## EXERCISE
Restate word for word the lines below that run from the one holding "今天营员们要体验的是电子书法" through the one holding "33. 33. Medidas", inclusive. Pictures don't belong in the copy.

## RECORDS SUPPLIED

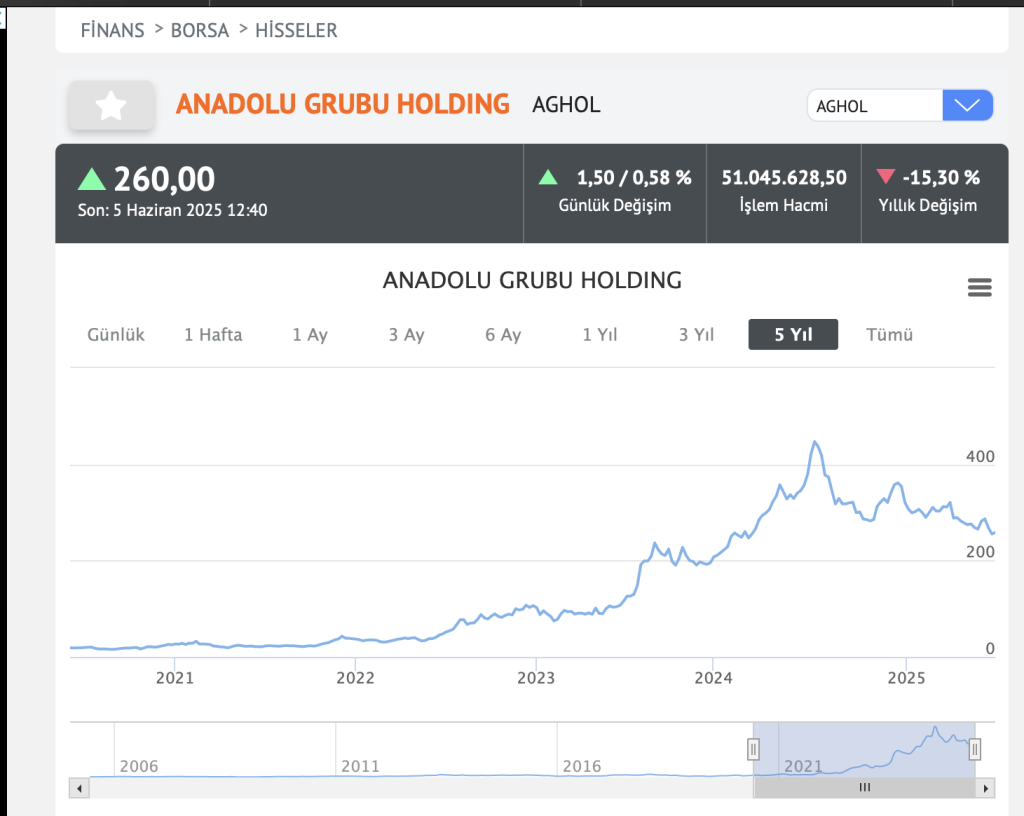 💵 Güncel Hisse Fiyatı (6 Haziran 2025): 260,25 TL
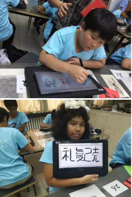 今天营员们要体验的是电子书法,通过具有压感功能的电子屏和笔,如同书写在真实的宣纸上,大家即刻能够在电子显示屏上看到自己的书写效果,并通过打印和网络模块,对书写的内容进行盖章、保存、打印、分享。
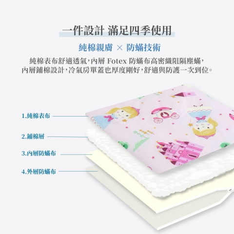 雙面 Fotex Cotton 防蟎材質層,100% 完全阻隔塵蟎,使用好安心。
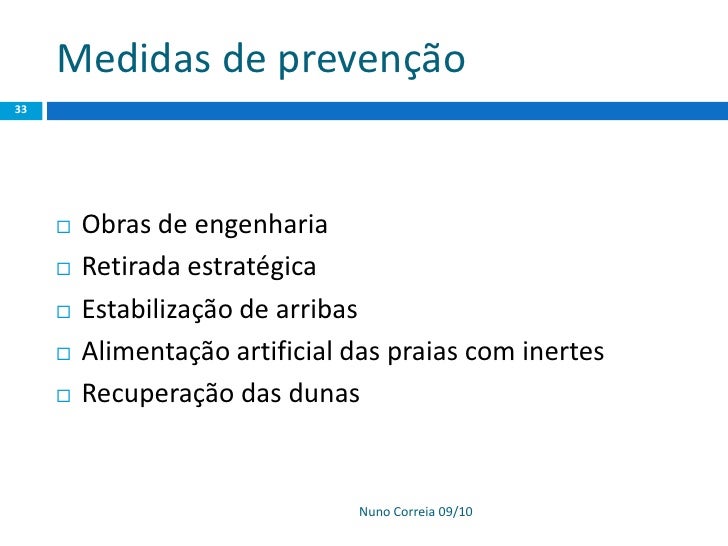 33. 33. Medidas de prevenção 33  Obras de engenharia  Retirada estratégica  Estabilização de arribas  Alimentação artificial das praias com inertes  Recuperação das dunas Nuno Correia 09/10
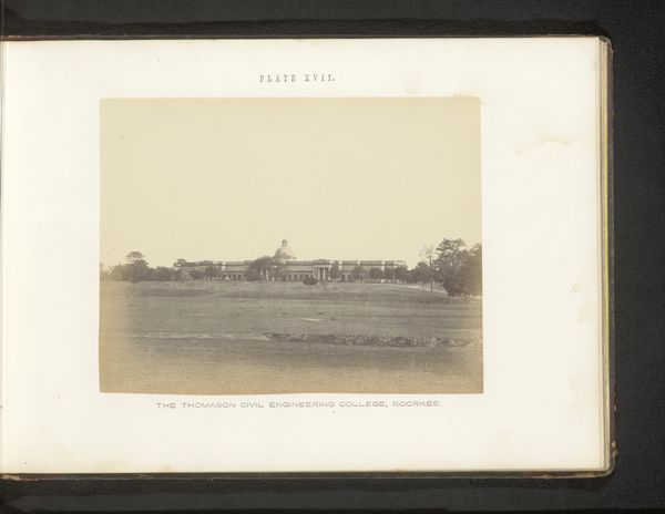 Curator: Here we have "Gezicht op waterwerken in de Ganges", which translates to "View of Waterworks on the Ganges". This photograph, attributed to Thomas George Glover, dates back to before 1867 and utilizes the gelatin-silver print medium. Editor: Well, isn't that a serene scene! A melancholic stillness seems to permeate it. It looks like time is standing still, or maybe it's already long gone, just like old photographs tend to imply. Curator: Indeed, that pervasive stillness likely emerges from the photograph's composition. Note how the horizontal lines of the canal and the horizon create a balanced, almost symmetrical division of space. It anchors the gaze, producing a certain visual and emotional stability, even if slightly sepulchral. Editor: I see what you mean. It's like the perspective just drags you into this placid body of water, making you consider where it's going or maybe what it's carrying along the way. This monotone effect and composition is strangely comforting, too! Curator: The Ganges, a central element, bears great symbolic weight in Indian culture. Here, however, the representation focuses more on the utilitarian infrastructure erected by engineers and workers rather than the river’s inherent spiritual significance. This almost mundane view of a sacred site is...provocative. Editor: You are so right! This challenges us, doesn’t it, the way Glover juxtaposes spirituality and human-led modifications in the environment? It seems to invite meditation on nature’s transformation and the inevitable impact of our creations on what exists. There is beauty and functionality on full display! Curator: It's a nuanced perspective that pushes viewers to confront development, progress, and our relationship to landscape. Looking closer at the monochrome palette... what feelings come up for you? Editor: Mmmh! An era is certainly coming back; its tones convey this palpable sense of bygone eras that make me muse over those who engineered it! Well, thank you for shedding some light on it all! Curator: And thank you, it’s so enriching to revisit Glover’s view on Ganges waterworks with someone so sensitive to atmospheric composition.

## ANSWER TO THIS TASK
 今天营员们要体验的是电子书法,通过具有压感功能的电子屏和笔,如同书写在真实的宣纸上,大家即刻能够在电子显示屏上看到自己的书写效果,并通过打印和网络模块,对书写的内容进行盖章、保存、打印、分享。
 雙面 Fotex Cotton 防蟎材質層,100% 完全阻隔塵蟎,使用好安心。
 33. 33. Medidas de prevenção 33  Obras de engenharia  Retirada estratégica  Estabilização de arribas  Alimentação artificial das praias com inertes  Recuperação das dunas Nuno Correia 09/10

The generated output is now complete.